Removing the Power Transform causes the largest drop (65.75 → 65.32), underscoring the importance of nonlinear feature rectification.
Removing Rectify (distribution alignment) and Refine (visual prototype fusion) each results in approximately 0.3% degradation.
Using only a visual prior (ONLY_VISUAL) causes accuracy to collapse to 43.83%, demonstrating the critical role of text priors under one-shot settings.
The RBF kernel substantially outperforms the Linear kernel (55.45%) and Laplacian kernel (60.84%).
Increasing search trials monotonically improves performance from 50 to 1,000 trials (64.87 → 65.83%).

Highlights & Insights¶

Clear theoretical perspective: Tip-Adapter is interpreted as a local NW estimator, while ReHARK is framed as global RKHS regularization, providing well-grounded theoretical motivation.
The training-free design with closed-form solutions runs on a single P100 GPU, making it extremely lightweight.
Fusing GPT-3 semantic descriptions with CLIP text weights effectively increases "knowledge density" under one-shot constraints.
The +9.44% gain on EuroSAT suggests the framework is particularly effective for datasets with strong structural sensitivity or large distribution shifts.
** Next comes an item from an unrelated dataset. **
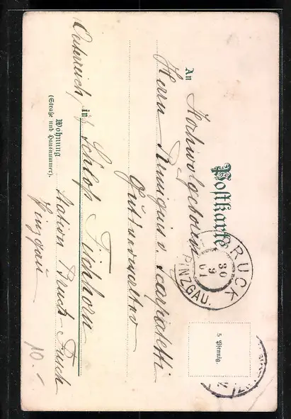 alte Ansichtskarte, gelaufen 1901, Briefmarke entfernt, Eckknick unten li., guter Zustand

Limitations & Future Work¶

The 1,000-trial Optuna search introduces non-trivial computational overhead; the hyperparameter search itself is not cost-free despite training-free inference.
Generic GPT-3 descriptions may lack sufficient discriminability in highly specialized domains.
Only the one-shot setting is evaluated; performance under few-shot regimes (2/4/8/16-shot) is not reported.
Experiments are conducted solely with a ViT-B/16 backbone; generalization to larger backbones or other VLMs is not verified.

Tip-Adapter: A local NW estimator averaging 62.85% vs. ReHARK's 65.83%; the gap originates from global regularization and hybrid priors.
ProKeR: Also employs global RKHS regularization but lacks GPT-3 priors and multi-scale kernels, yielding 63.77% vs. 65.83%, with the largest gap on EuroSAT (59.75 vs. 69.19).
GDA: Gaussian discriminant analysis with Mahalanobis distance achieves 62.24%, representing one of the stronger training-free baselines.

The hybrid prior construction strategy is broadly applicable to other VLM adaptation scenarios — rather than relying on a single prompt or description, fusing multi-source semantic knowledge is a generally useful principle. The multi-scale kernel ensemble idea is simple yet effective and transferable to other kernel methods. The bridge augmentation concept (mixing visual and text features) also holds general value for cross-modal alignment tasks.

Rating¶

Novelty: ⭐⭐⭐⭐ — A systematic improvement over ProKeR; the combination of hybrid priors, multi-scale kernels, and bridge augmentation is novel.
Experimental Thoroughness: ⭐⭐⭐⭐ — Evaluated on 11 benchmarks with multi-dimensional ablations; lacks few-shot and multi-backbone comparisons.
Writing Quality: ⭐⭐⭐ — Structure is clear, but some equations are redundant and excessive use of passive voice reduces readability.
Value: ⭐⭐⭐⭐ — Offers clear practical value for one-shot VLM adaptation; the training-free design is well-suited for real-world deployment.